Investigating four decades of species-specific land surface phenology derived from 30-m Landsat and Forest Inventory Analysis

Dec 11, 2024·
Xiaojie Gao (高孝杰)
Xiaojie Gao (高孝杰)
· 2 min read

Abstract

Long-term variation in plant phenology reflects growing season dynamics, which are a first-order control of various ecosystem processes affecting water, carbon, and energy cycling. Complementary to spatial-constrained ground observations, land surface phenology (LSP) derived from satellite remote sensing has been widely used to map and monitor plant phenological timing over large spatial areas. However, the coarse spatial resolution of most long-term LSP records represents a mix of tree species and land cover types, limiting the ability to directly link LSP to ground-observed phenological dynamics. In addition, although ground phenological observations typically record species-level information, most long-term data are only available at particular sites.
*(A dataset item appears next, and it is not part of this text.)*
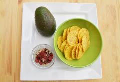 아보카도1개,나쵸칩 20개내외,견과류믹스2큰 술, 소금, 후추

Forest inventory and analysis (FIA) data collected by the U.S. Forest Services provides comprehensive surveys of forested land in the United States but has rarely been used in LSP studies primarily due to the scale mismatch between FIA sites and coarse LSP resolutions. Recently, a novel Bayesian LSP (BLSP) model was developed to retrieve decades of LSP variation at 30 m scale from Landsat time series, creating a unique opportunity to match LSP with FIA surveys. In this study, we combine BLSP with FIA data collected throughout 20 northeastern states in the U.S. to derive four decades of species-specific LSP observations for ten dominant deciduous species (~12,000 site-years) and investigate long-term phenological dynamics. Our preliminary results show: (1) despite the widely reported global advancement of spring phenology, growing season lengths in the northeastern U.S. during the last four decades were dominated by phenological variation in autumn and (2) the characteristics of phenological events and their responses to the environment vary substantially not only among species but also within species among geography, suggesting local adaptation. These results are consistent with long-term ground observations collected at Harvard Forest in Massachusetts, and Hubbard Brook Experimental Forest in New Hampshire. Our study provides new insights into understanding long-term phenological dynamics and their responses to climate change.